• **ACTION ITEM**: Report every line in the listing below where the string "that" shows up.

• **DATASET RECORDS**:
----

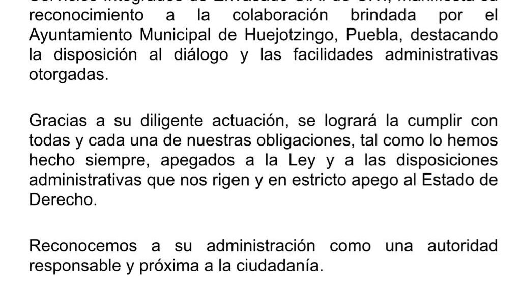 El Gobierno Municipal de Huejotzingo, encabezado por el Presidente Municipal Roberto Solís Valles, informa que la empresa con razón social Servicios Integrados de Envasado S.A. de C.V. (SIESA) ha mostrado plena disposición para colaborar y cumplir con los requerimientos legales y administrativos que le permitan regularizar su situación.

----

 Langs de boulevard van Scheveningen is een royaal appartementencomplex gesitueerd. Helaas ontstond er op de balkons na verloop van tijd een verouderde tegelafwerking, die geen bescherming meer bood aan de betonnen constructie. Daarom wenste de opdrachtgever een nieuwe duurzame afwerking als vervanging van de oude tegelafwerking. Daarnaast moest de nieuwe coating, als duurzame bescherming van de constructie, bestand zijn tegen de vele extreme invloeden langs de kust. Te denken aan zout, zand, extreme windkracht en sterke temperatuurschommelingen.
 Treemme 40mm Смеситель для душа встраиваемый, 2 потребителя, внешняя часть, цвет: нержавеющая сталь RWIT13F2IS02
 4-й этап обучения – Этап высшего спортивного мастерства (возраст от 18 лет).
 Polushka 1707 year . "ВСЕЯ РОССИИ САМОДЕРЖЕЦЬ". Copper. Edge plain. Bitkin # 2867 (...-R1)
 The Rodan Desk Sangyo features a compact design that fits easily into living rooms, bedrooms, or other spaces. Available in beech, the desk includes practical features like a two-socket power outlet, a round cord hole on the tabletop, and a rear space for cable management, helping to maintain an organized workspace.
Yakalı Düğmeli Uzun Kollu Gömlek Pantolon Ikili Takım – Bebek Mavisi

----

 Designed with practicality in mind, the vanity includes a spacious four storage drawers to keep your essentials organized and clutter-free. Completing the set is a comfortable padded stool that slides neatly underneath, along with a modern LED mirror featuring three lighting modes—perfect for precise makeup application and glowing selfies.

----

• **TASK RESPONSE**:
 The Rodan Desk Sangyo features a compact design that fits easily into living rooms, bedrooms, or other spaces. Available in beech, the desk includes practical features like a two-socket power outlet, a round cord hole on the tabletop, and a rear space for cable management, helping to maintain an organized workspace.
 Designed with practicality in mind, the vanity includes a spacious four storage drawers to keep your essentials organized and clutter-free. Completing the set is a comfortable padded stool that slides neatly underneath, along with a modern LED mirror featuring three lighting modes—perfect for precise makeup application and glowing selfies.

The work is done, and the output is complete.